Here we create new TCP server using net.createServer() function. The callback function is called when client connects to the server, this creates an object called socket, which represents the client connection. Socket object implements EventEmitter API and has familiar to us events for reading data. These events are data and end. We can read data with the same pattern, getting chunks of data of type Buffer or String.

To respond to client you can simply call function socket.write(). Socket object is also a WritableStream.

To test this server you need to use something that can make TCP connections. Common terminal utilities for this are netcat or telnet, you maybe need to install them. This is the command to connect using netcat. You should be able to see welcome message right after connection.

> netcat localhost 3000
Hello from TCP server!

After connection is established you will see a message in terminal and then you can type any text and press enter to send data. You should be able to see data received and logged to the console on our server. Closing connection on client should result in seeing 'Client disconnected' log on server.

child_process

The child_process module provides functionality to create subprocesses in Node.js. Every Node.js application starts as a single process in your operating system and runs on a single thread (main thread).

What is a thread? A thread is the subset of a process and is also known as the lightweight process. A process can have multiple threads.

child_process module is used to spawn new processes (not threads), which can be called child processes. This module has four main functions:

spawn()
fork()
exec()
execFile()

Each of these methods returns ChildProcess instance, which implements EventEmitter API.

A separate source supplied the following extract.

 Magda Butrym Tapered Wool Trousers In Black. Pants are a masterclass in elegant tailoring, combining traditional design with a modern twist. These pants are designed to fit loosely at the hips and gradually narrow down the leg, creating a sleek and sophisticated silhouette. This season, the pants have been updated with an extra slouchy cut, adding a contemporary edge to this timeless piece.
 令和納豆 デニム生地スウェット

These methods create processes asynchronously, but also have synchronous versions: execSync(), execFileSync(), spawnSync(). They need to be used with caution, because they will block the Node.js event loop!

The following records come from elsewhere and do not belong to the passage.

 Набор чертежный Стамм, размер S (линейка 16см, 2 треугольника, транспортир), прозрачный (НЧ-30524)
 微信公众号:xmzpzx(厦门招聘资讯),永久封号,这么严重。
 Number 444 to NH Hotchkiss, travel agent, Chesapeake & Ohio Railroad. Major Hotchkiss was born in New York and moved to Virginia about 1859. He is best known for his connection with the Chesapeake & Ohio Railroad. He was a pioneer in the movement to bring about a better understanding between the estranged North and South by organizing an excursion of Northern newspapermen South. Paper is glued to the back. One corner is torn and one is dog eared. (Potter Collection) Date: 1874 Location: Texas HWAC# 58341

spawn() and exec() are used to execute external process.

spawn() is suitable for creating long-running processes or processes with a heavy output. Child process returned by it has stdout and stderr streams to return command output or errors.

In this example we use spawn to execute a simple ls -la command to show files in current directory.

import { spawn } from 'child_process';

const child = spawn('ls', ['-la']);

child.stdout.on('data', (data) => {
  console.log(`output: ${data}`);
});

child.stderr.on('data', (data) => {
  console.error(`error: ${data}`);
});

child.on('close', (code) => {
  console.log(`child process exited with code: ${code}`);
});

We call spawn method and pass command as string and arguments in array of strings. This returns a ChildProcess instance, which has stdout and stderr properties, both of type ReadableStream. Streams implement EventEmitter API so we can listen to data events to see output of command or errors.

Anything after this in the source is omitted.